(RECORD SET)

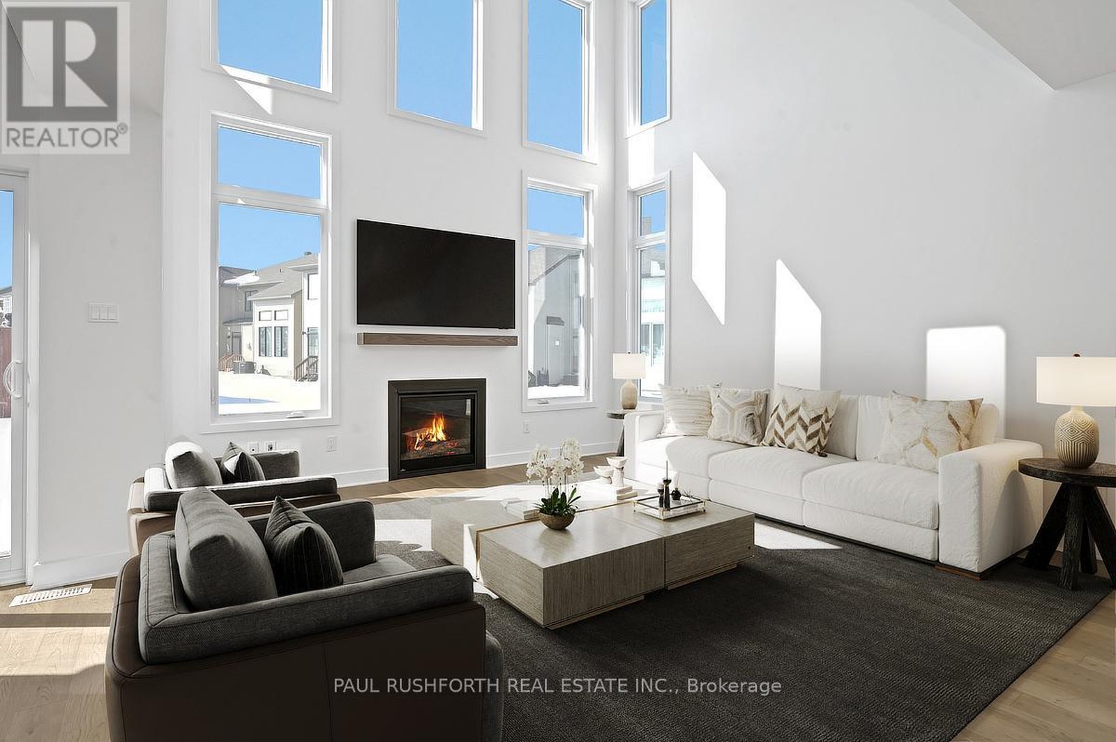 Skip the wait! This brand new 2,043 sq ft Strathmore model by Phoenix Homes is move-in ready, featuring over $38,000 in upgrades, a finished basement, and full Tarion warranty for peace of mind. The main floor impresses with 9-foot ceilings, 5" pre-engineered hardwood, and a dramatic family room with 17-foot ceilings and gas fireplace. The chef's kitchen is equipped with stainless steel appliances, an oversized island, walk-through pantry, soft-close cabinetry, and pot & pan drawers - a perfect place for entertaining. An oak staircase and Levven smart lighting package complete the refined feel. Upstairs offers 3 bedrooms with a loft overlooking the main living area, as well as primary retreat with 5-piece ensuite, and second-floor laundry. The lower level adds 438 sq ft of finished recreation space with an approx. 9' foundation pour and 3-piece rough-in. Whether you envision a home theatre, gym, playroom, or office, the space is ready to make it yours. Some photos have been virtually staged.
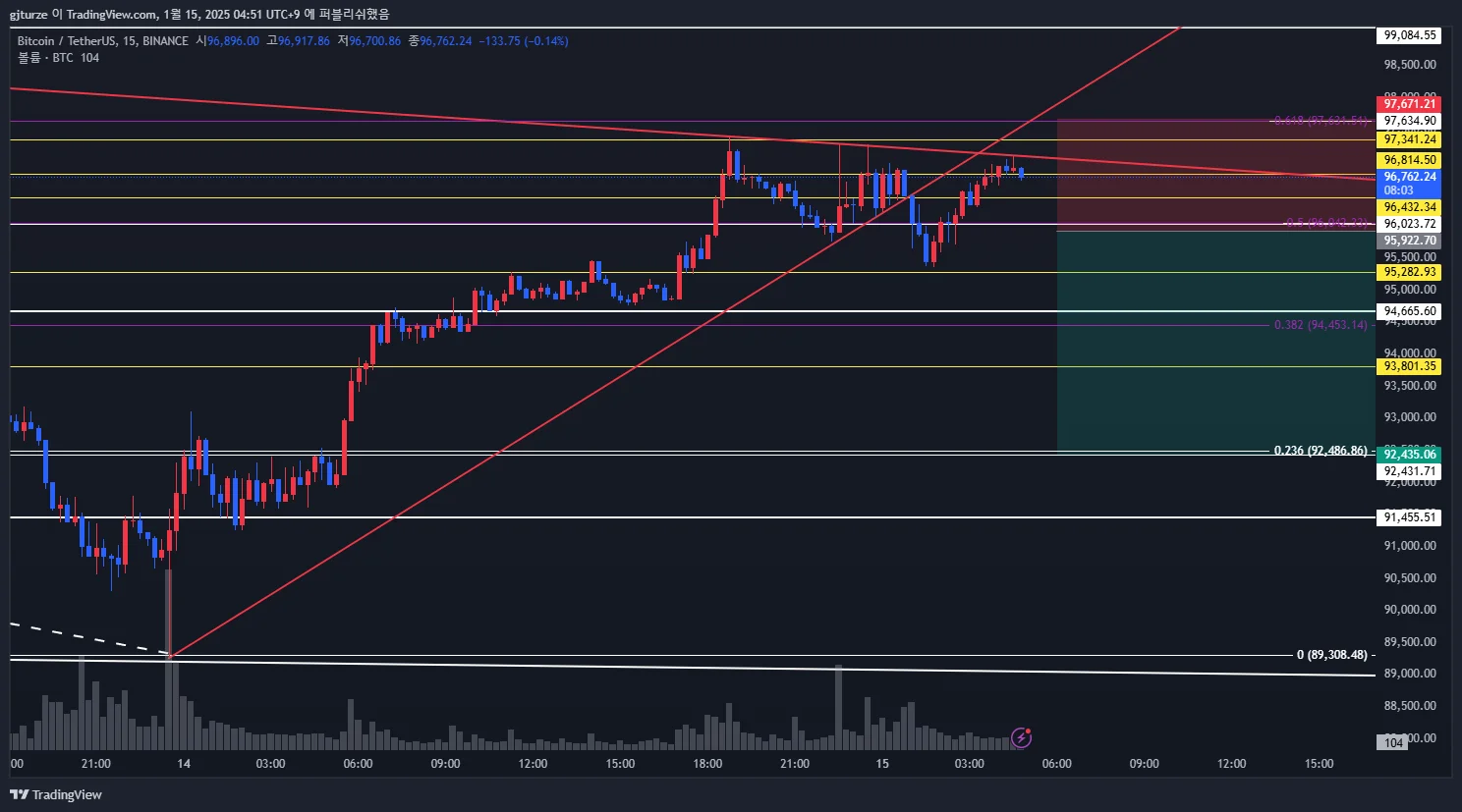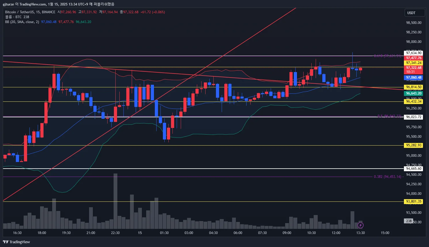 15분봉으로 보면 1월 13일 기준으로 상승추세이긴하나 고점이 하락추세선에 저항을 받고 점차 낮아지는 모습을 보게됬습니다.
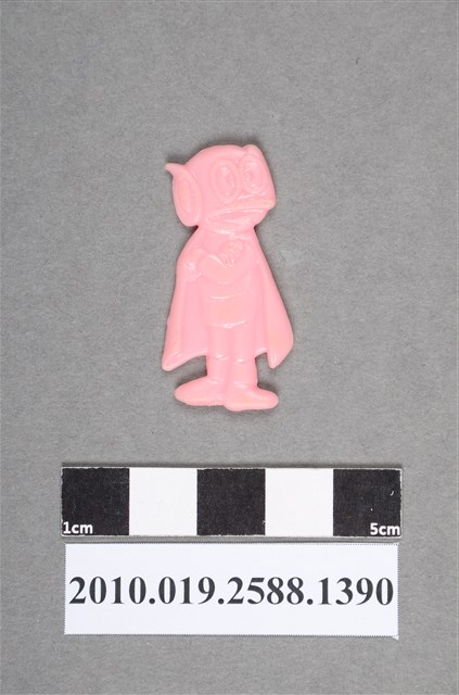 1.本物件為漫畫小超人帕門之小超人帕門尪仔仙。硬質塑膠材質,扁平,單一不透明粉紅色,雙面浮雕圖案,兩面圖案相同。圖案為男孩頭戴頭盔,身穿披風,雙手交叉於胸前之人型。
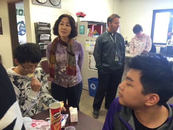 随后,李岩校长一行对正在该校学习的我校国际部学生进行慰问。同学们激动地 与校长、老师相拥。同学们一边吃着校长带来的零食,一边向校长老师汇报再寄宿家庭的生活情况及在校的学习情况。李岩校长亲切地嘱咐同学们要勇于表达自己的诉求,锻炼自己解决问题的能力,积极地融入美国家庭与学校课堂中,认真学习感受美国文化。
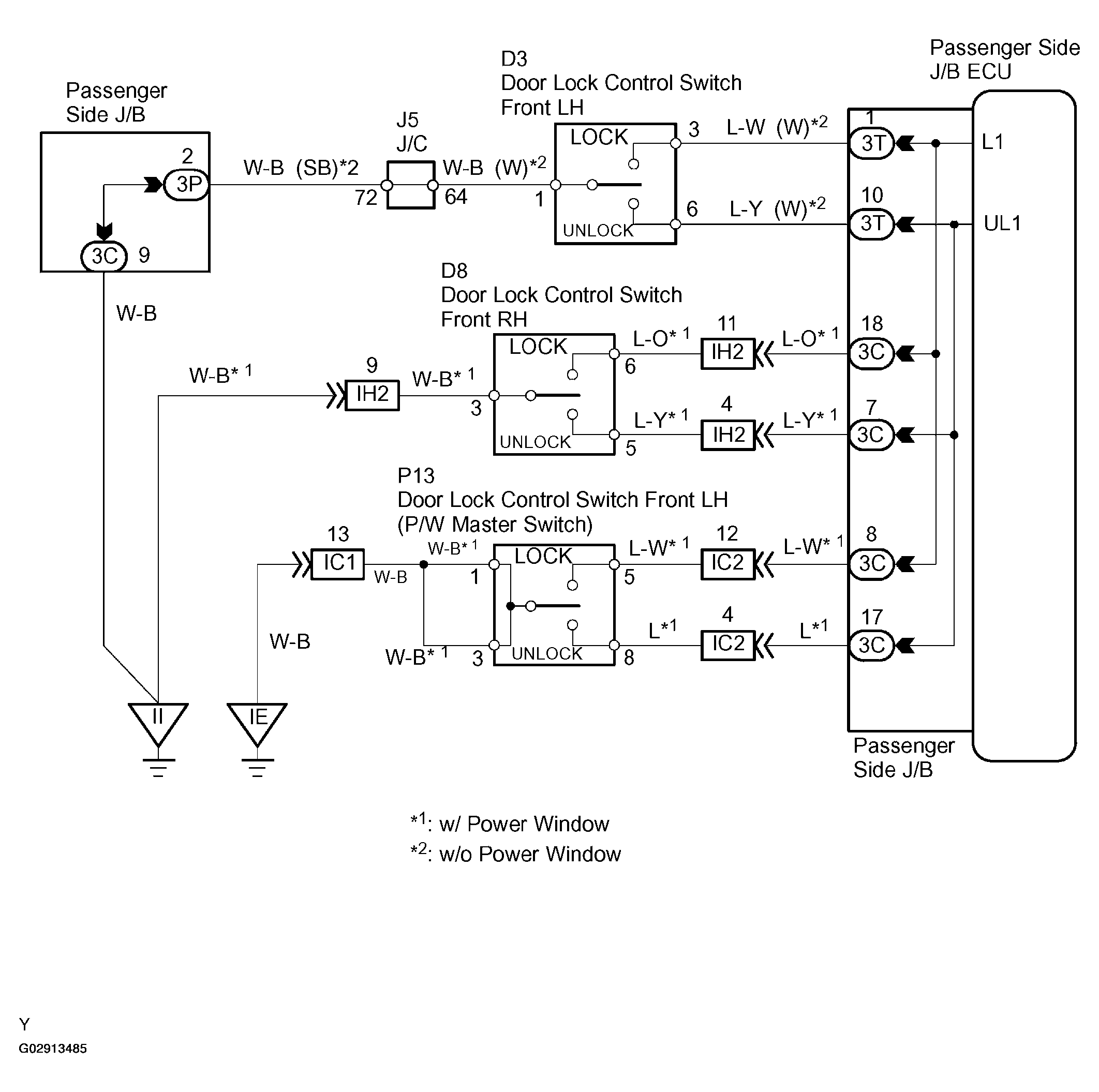 When the door lock control switch is turned to the lock position, terminal LOCK of the switch is grounded. When the switch is turned to the unlock position, terminal UNLOCK is grounded (see Figure).

(End RECORD SET)

__YOUR INSTRUCTIONS__: Could you print the whole listing again, exactly, leaving the pictures out?

__OUTPUT FOR THIS EXERCISE__:
 Skip the wait! This brand new 2,043 sq ft Strathmore model by Phoenix Homes is move-in ready, featuring over $38,000 in upgrades, a finished basement, and full Tarion warranty for peace of mind. The main floor impresses with 9-foot ceilings, 5" pre-engineered hardwood, and a dramatic family room with 17-foot ceilings and gas fireplace. The chef's kitchen is equipped with stainless steel appliances, an oversized island, walk-through pantry, soft-close cabinetry, and pot & pan drawers - a perfect place for entertaining. An oak staircase and Levven smart lighting package complete the refined feel. Upstairs offers 3 bedrooms with a loft overlooking the main living area, as well as primary retreat with 5-piece ensuite, and second-floor laundry. The lower level adds 438 sq ft of finished recreation space with an approx. 9' foundation pour and 3-piece rough-in. Whether you envision a home theatre, gym, playroom, or office, the space is ready to make it yours. Some photos have been virtually staged.
 15분봉으로 보면 1월 13일 기준으로 상승추세이긴하나 고점이 하락추세선에 저항을 받고 점차 낮아지는 모습을 보게됬습니다.
 1.本物件為漫畫小超人帕門之小超人帕門尪仔仙。硬質塑膠材質,扁平,單一不透明粉紅色,雙面浮雕圖案,兩面圖案相同。圖案為男孩頭戴頭盔,身穿披風,雙手交叉於胸前之人型。
 随后,李岩校长一行对正在该校学习的我校国际部学生进行慰问。同学们激动地 与校长、老师相拥。同学们一边吃着校长带来的零食,一边向校长老师汇报再寄宿家庭的生活情况及在校的学习情况。李岩校长亲切地嘱咐同学们要勇于表达自己的诉求,锻炼自己解决问题的能力,积极地融入美国家庭与学校课堂中,认真学习感受美国文化。
 When the door lock control switch is turned to the lock position, terminal LOCK of the switch is grounded. When the switch is turned to the unlock position, terminal UNLOCK is grounded (see Figure).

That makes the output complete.